Your instructions
Before copying the entries, remove the pictures; everything else stays exactly as it is.

Exercise input
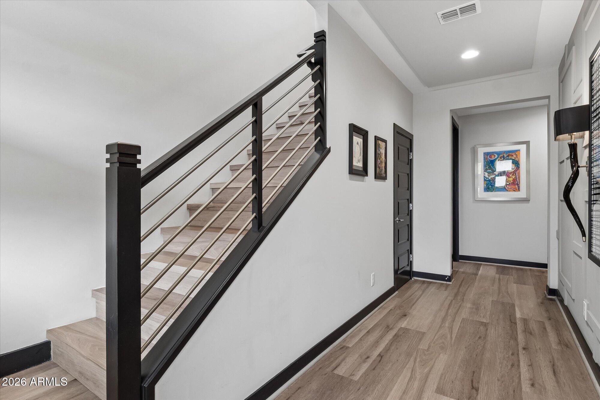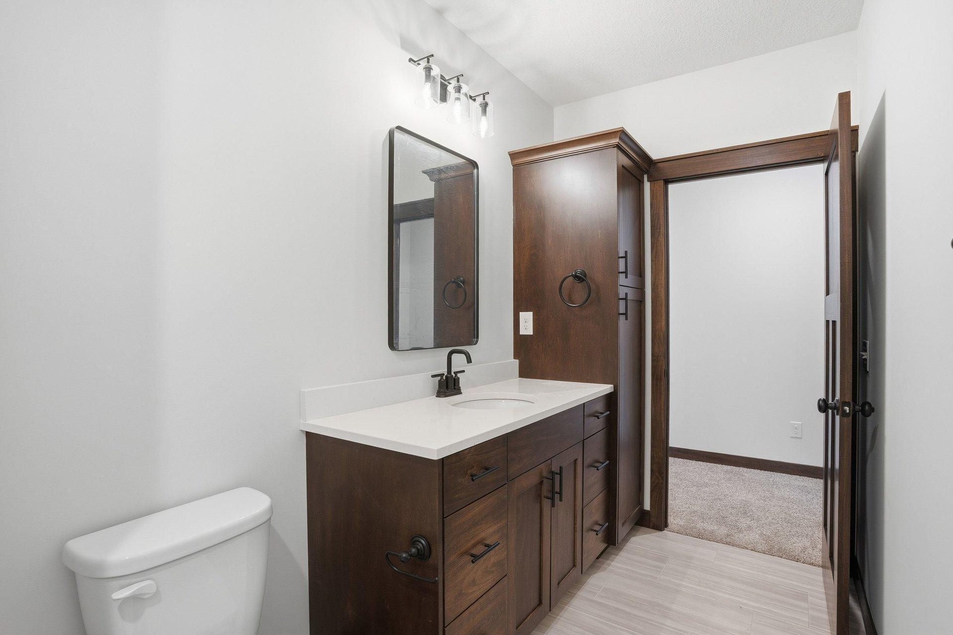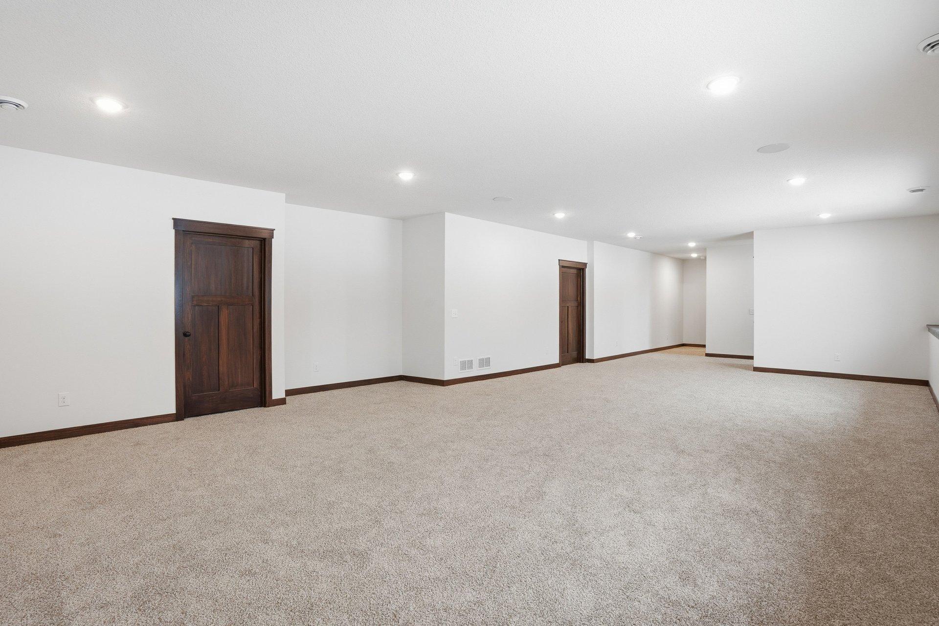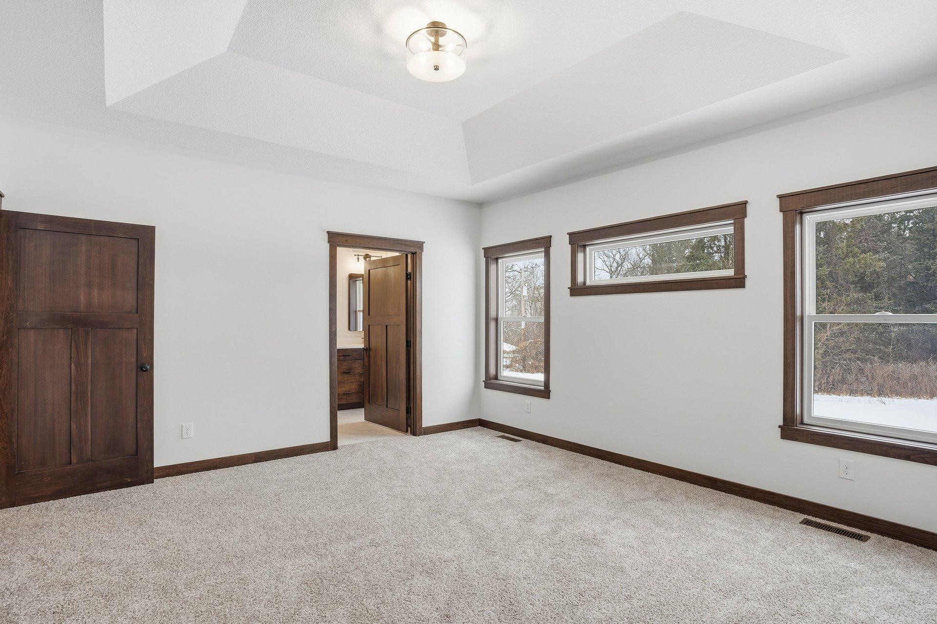 Welcome to The Sedona, an exceptional executive rambler nestled in Ham Lakes premier development, Swedish Chapel Estates. Situated on a private 1.11-acre corner cul-de-sac lot, this beautifully designed luxury home offers refined finishes, functional living, and an inviting open floor plan ideal for both everyday comfort and entertaining. A welcoming front covered porch leads into a gracious foyer and opens to the stunning great room, featuring a stone-front gas fireplace with custom built-in, 11 ceiling with custom beams, an ideal retreat for relaxing evenings. The open-concept gourmet kitchen is a chefs dream, showcasing custom cabinetry, a large center island, Quartz countertops, stainless steel appliances, and a spacious walk-in corner pantry with a custom coffee bar. The adjacent dining room with shiplap ceiling offers seamless access to the 14x25 screened porch and maintenance free Trex deck, perfect for enjoying Minnesotas seasons. The primary suite is a true sanctuary featuring a tray vault ceiling, large walk-incloset and a private and luxurious 3/4 bath featuring a double vanity and walk-in tile shower. Twoadditional main-level bedrooms, both with walk-in closets, provide flexibility for family, guests, orhome office needs. A thoughtfully designed mudroom with custom lockers, coat closet, and main-floor laundry adds everyday convenience. The fully finished walkout lower level expands the living space with a generous family room featuring an electric fireplace and full wet bar, perfect for entertaining. Discover the hidden surprise behind the custom Murphy door, leading to a secret room or wine cellar. This level also includes two additional bedrooms, a Jack-and-Jill bathroom, and a dedicated exercise room. The large four car garage with woodgrain garage doors with custom windows doubles as a mancave and is fully finished, insulated, heated and has a convenient floor drain! Located in the sought-after community of Ham Lake, residents enjoy a perfect balance of privacy, natural beauty, and convenience. Known for its spacious lots, scenic parks, trails, and lakes, Ham Lake offers a peaceful, upscale lifestyle while remaining close to shopping, dining, top-rated schools, and easy access to major highways for commuting to the Twin Cities. This remarkable home offers luxury, space, and serenity in one of the north metros most desirable neighborhoods, an exceptional opportunity to call Swedish Chapel Estates Home.
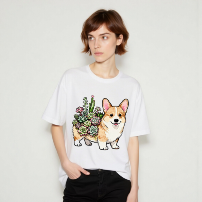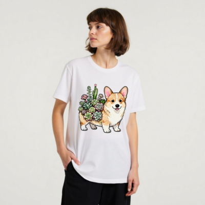 Unisex Corgi with Succulents T-Shirt | Watercolor Pet Design
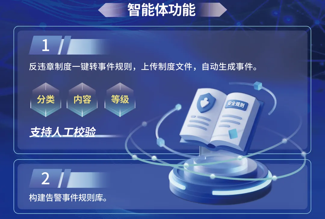 以 “科技创新守护生产安全,智慧力量点亮万家灯火” 为使命,构建主动感知、智能研判、自动响应的全新安全管控体系。作为安心・安全系列智能体矩阵核心成员,制度转换智能体联手隐患诊断、场景研判、考核通知等智能体,覆盖事前预防 — 事中管控 — 事后追溯全链条,让安全制度落地见效,守护生产一线全域安全。
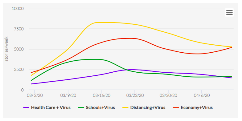 To put these numbers in context, last week’s numbers are still considerably lower than those from mid-March, both in terms of quantity and in terms of the percentage of overall COVID-19 stories.
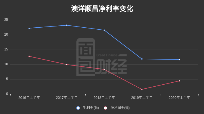 2020年上半年,澳洋顺昌净利率约4.45%,较上年同期有所同比提升;毛利率约11.64%,较上年同期有所下滑。2018年及2019年上半年,公司销售净利率分别约8.32%和1.58%;同期,毛利率分别约21.55%和11.84%。
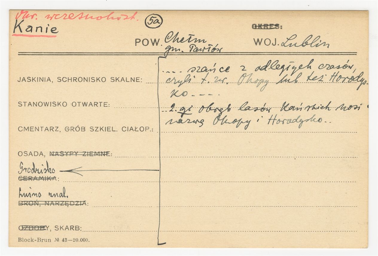 Karta stanowiska "Kanie gm. Pawłów pow. Chełm woj. Lublin" (druk rękopis) - strona 1
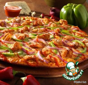 Пицца (от итальянского pizza) — итальянское национальное блюдо, в виде круглого открытого пирога, покрытого помидорами и расплавленным сыром (как правило, моцареллой). В пиццу могут впекаться различные начинки (мясо, ветчина, салями, морепродукты, овощи, фрукты, грибы, зелень и другие).[cut]
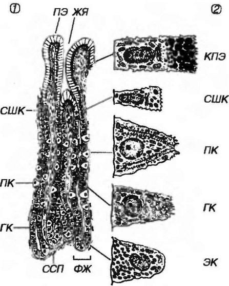 Рис. 5-8. Участок слизистой оболочки желудка с фундальными железами (1) и ультраструктура клеток желудочной ямки и фундальной железы (2). ЖЯ - желудочная ямка, ПЭ - покровный эпителий, ССП - соединительная ткань собственной пластинки, ФЖ - фундальная железа, ГК - главная клетка, ПК - париетальная клетка, СШК - слизистая шеечная клетка, КПЭ - клетка покровного эпителия, ЭК - эндокринная клетка.
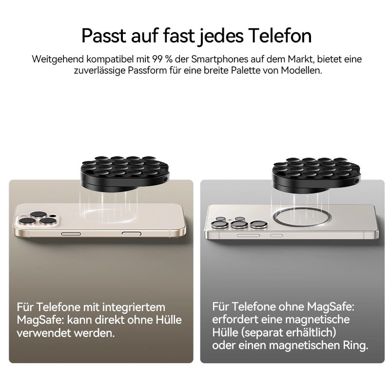 - Für Telefone ohne MagSafe: erfordert eine magnetische Hülle (separat erhältlich) oder einen magnetischen Ring.
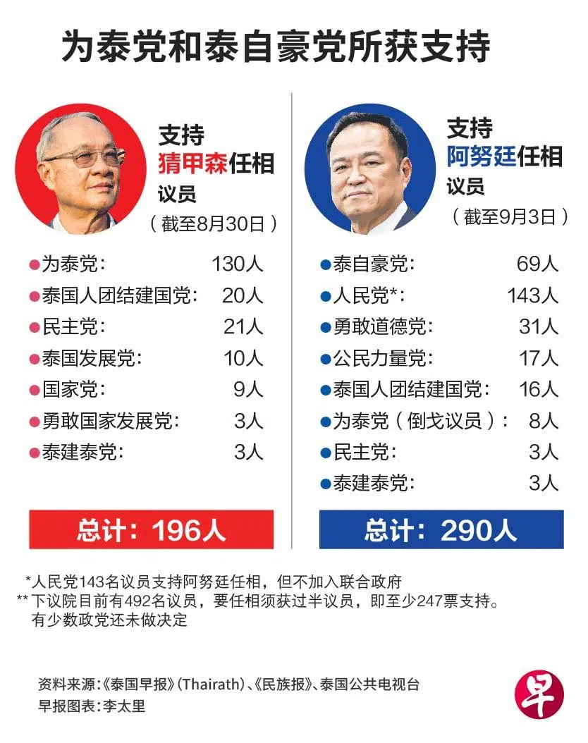 为泰党原首相佩通坦8月29日遭宪法法院撤职后,新任首相须获得下议院492席中的过半,即至少247票支持。泰自豪党周三获人民党支持后召开记者会说,该党还获得另六个党派共146名议员支持,意味着阿努廷已越过任相门槛。下议院将在周五(5日)召开特别会议选举新首相。

Task response
 Welcome to The Sedona, an exceptional executive rambler nestled in Ham Lakes premier development, Swedish Chapel Estates. Situated on a private 1.11-acre corner cul-de-sac lot, this beautifully designed luxury home offers refined finishes, functional living, and an inviting open floor plan ideal for both everyday comfort and entertaining. A welcoming front covered porch leads into a gracious foyer and opens to the stunning great room, featuring a stone-front gas fireplace with custom built-in, 11 ceiling with custom beams, an ideal retreat for relaxing evenings. The open-concept gourmet kitchen is a chefs dream, showcasing custom cabinetry, a large center island, Quartz countertops, stainless steel appliances, and a spacious walk-in corner pantry with a custom coffee bar. The adjacent dining room with shiplap ceiling offers seamless access to the 14x25 screened porch and maintenance free Trex deck, perfect for enjoying Minnesotas seasons. The primary suite is a true sanctuary featuring a tray vault ceiling, large walk-incloset and a private and luxurious 3/4 bath featuring a double vanity and walk-in tile shower. Twoadditional main-level bedrooms, both with walk-in closets, provide flexibility for family, guests, orhome office needs. A thoughtfully designed mudroom with custom lockers, coat closet, and main-floor laundry adds everyday convenience. The fully finished walkout lower level expands the living space with a generous family room featuring an electric fireplace and full wet bar, perfect for entertaining. Discover the hidden surprise behind the custom Murphy door, leading to a secret room or wine cellar. This level also includes two additional bedrooms, a Jack-and-Jill bathroom, and a dedicated exercise room. The large four car garage with woodgrain garage doors with custom windows doubles as a mancave and is fully finished, insulated, heated and has a convenient floor drain! Located in the sought-after community of Ham Lake, residents enjoy a perfect balance of privacy, natural beauty, and convenience. Known for its spacious lots, scenic parks, trails, and lakes, Ham Lake offers a peaceful, upscale lifestyle while remaining close to shopping, dining, top-rated schools, and easy access to major highways for commuting to the Twin Cities. This remarkable home offers luxury, space, and serenity in one of the north metros most desirable neighborhoods, an exceptional opportunity to call Swedish Chapel Estates Home.
 Unisex Corgi with Succulents T-Shirt | Watercolor Pet Design
 以 “科技创新守护生产安全,智慧力量点亮万家灯火” 为使命,构建主动感知、智能研判、自动响应的全新安全管控体系。作为安心・安全系列智能体矩阵核心成员,制度转换智能体联手隐患诊断、场景研判、考核通知等智能体,覆盖事前预防 — 事中管控 — 事后追溯全链条,让安全制度落地见效,守护生产一线全域安全。
 To put these numbers in context, last week’s numbers are still considerably lower than those from mid-March, both in terms of quantity and in terms of the percentage of overall COVID-19 stories.
 2020年上半年,澳洋顺昌净利率约4.45%,较上年同期有所同比提升;毛利率约11.64%,较上年同期有所下滑。2018年及2019年上半年,公司销售净利率分别约8.32%和1.58%;同期,毛利率分别约21.55%和11.84%。
 Karta stanowiska "Kanie gm. Pawłów pow. Chełm woj. Lublin" (druk rękopis) - strona 1
 Пицца (от итальянского pizza) — итальянское национальное блюдо, в виде круглого открытого пирога, покрытого помидорами и расплавленным сыром (как правило, моцареллой). В пиццу могут впекаться различные начинки (мясо, ветчина, салями, морепродукты, овощи, фрукты, грибы, зелень и другие).[cut]
 Рис. 5-8. Участок слизистой оболочки желудка с фундальными железами (1) и ультраструктура клеток желудочной ямки и фундальной железы (2). ЖЯ - желудочная ямка, ПЭ - покровный эпителий, ССП - соединительная ткань собственной пластинки, ФЖ - фундальная железа, ГК - главная клетка, ПК - париетальная клетка, СШК - слизистая шеечная клетка, КПЭ - клетка покровного эпителия, ЭК - эндокринная клетка.
 - Für Telefone ohne MagSafe: erfordert eine magnetische Hülle (separat erhältlich) oder einen magnetischen Ring.
 为泰党原首相佩通坦8月29日遭宪法法院撤职后,新任首相须获得下议院492席中的过半,即至少247票支持。泰自豪党周三获人民党支持后召开记者会说,该党还获得另六个党派共146名议员支持,意味着阿努廷已越过任相门槛。下议院将在周五(5日)召开特别会议选举新首相。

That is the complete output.